Within two weeks of the initial mailing, GDPs who do not opt out will be contacted by a member of the research team, by telephone, to discuss the study and to ascertain their willingness to take part. A mutually convenient time for a telephone interview will be arranged with those GDPs expressing an interest in taking part. No further contact will be made with dentists who do not wish to be interviewed. Informed verbal (recorded) consent will be obtained from all participants prior to interview.
Data collection and analysis
A semi-structured topic guide has been developed based on the TDF and CFIR to address the aims of the process evaluation (Additional file 3). Telephone interviews will last approximately 30 minutes and, with the participants’ permission, will be audio-recorded and transcribed verbatim. Telephone interviews are considered more appropriate than face-to-face interviews for this study. This decision relates both to attempts to minimise potential burden for participants and to the efficient use of resources (i.e., time, cost, effort) for generating data on this national sample.
The transcribed interviews will be content analysed in NVivo using the TDF and CFIR as coding frameworks [22, 27]. Data will be analysed throughout recruitment on an on-going basis until a sample size of 30 is achieved, or the point of saturation (where no new responses emerge) is reached [24]. In addition to identifying specific beliefs relating to prescribing behaviour, the analyses will aim to determine which domains could be potential intervention targets [27]. There will be research team discussion throughout analysis process to raise multiple perspectives, and decision will be made through a process of deliberation and consensus.
Ethical considerations and authorisations
All members of the RAPiD trial study team have undergone training in Good Clinical Practice (GCP). GCP is an international ethical and scientific quality standard for designing, conducting, recording, and reporting studies that involve human participants.

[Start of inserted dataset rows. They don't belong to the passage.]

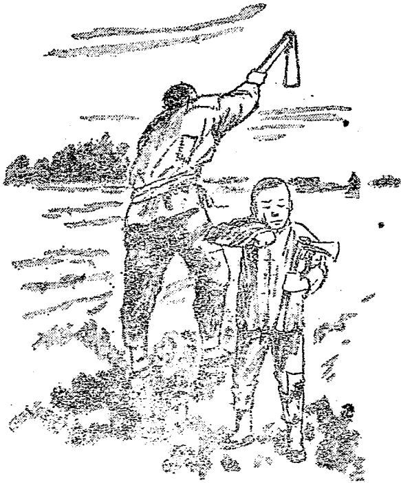
父子兩個都在外邊當僱漢
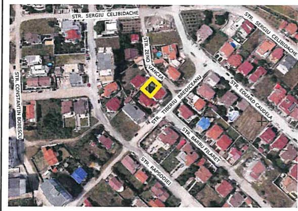
INCADRARE IN ZONA
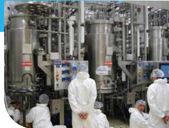
Technische Bestandsaufnahme vor Ort

Eine weitere Herausforderung an die Entwicklung von Dichtungslösungen für die Pharmaindustrie und insbesondere für die Produktion von Biopharmazeutika ist die überschaubare Anzahl der zugelassenen Hilfsstoffe als Sperrmedium. Für das Abdichten der Welle des Rührwerks kam im Fall des Fermenters lediglich ein Dampfkondensat, das heißt, hochreines Wasser, in Frage.
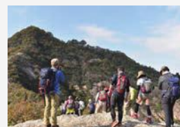
好日山荘の登山ツアー

下里地区を代表する地域資源である善防山の整備を積極的に進めています。毎月 2 回、草刈機などの道具を担いで登っています。東櫓登山口のルートや烏帽子岩へのルートなど新ルートも開拓しました。また、頂上の木々を伐採したので、見晴らしがよくなりました。アウトドア専門店の好日山荘のツアーにもしてもらい、市外の登山者も増えています。山で出会う登山者達からの「ご苦労さま」という言葉が私たちの活動の源になっています。
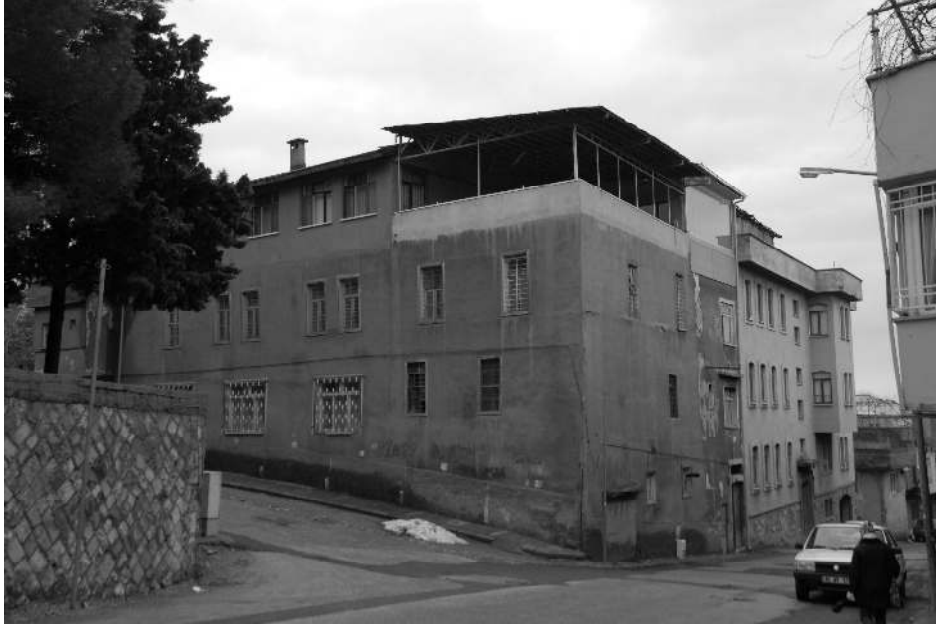
Alman Eytamhanesinin bugünkü bulunduğu mevki
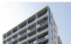
PARK AXIS 六本松
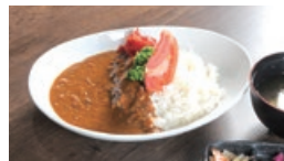
カレーライス定食 900円

見た目がインパクト大の厚切りとんかつ。実は、重さ330gの肉を長時間低温スチームで下処理してから揚けている。その手間を惜しまず調理しているからこそ外はサクッと中はジューシーに仕上がる。
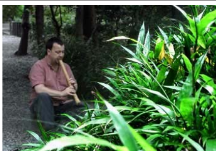
大仏に捧げる尺八演奏
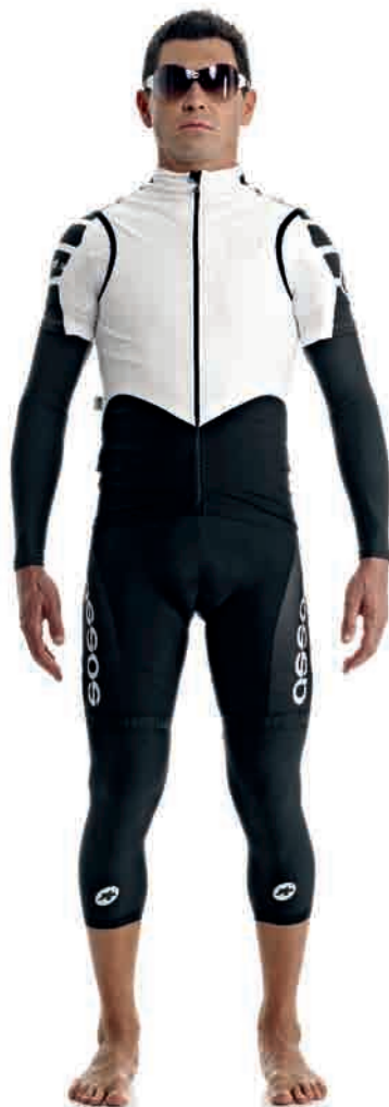
TM SS.UNO arm UNO_S knee UNO_S

In September 2011, a harmonised edition of the UK Governance Arrangements for Research Ethics Committees (GAfREC) came into effect and research involving NHS staff as participants by virtue of their professional role was excluded from the normal remit of NHS Research Ethics Committees. The East of Scotland Research Ethics Service considered the RAPiD trial protocol and confirmed that it did not require ethical review or approval by an NHS REC (Ref: 11/GA/229). In addition, the protocol was submitted to the NHS Research Scotland Permissions Coordinating Centre and reviewed by the Tayside Medical Science Centre (TASC) Research and Development (R&D) office. They classified the RAPiD trial as service development/audit and confirmed that it did not require R&D registration, formal review, or approval. Confirmation has been received from all 14 Scottish Health Boards that they have been notified about the trial and have added it to their Audit and Clinical Governance records. The RAPiD trial’s International Standard Randomised Controlled Trial Number (ISRCTN) registration is ISRCTN 49204710.
Trial status
To date (December 2013), baseline and six-month feedback interventions have been delivered.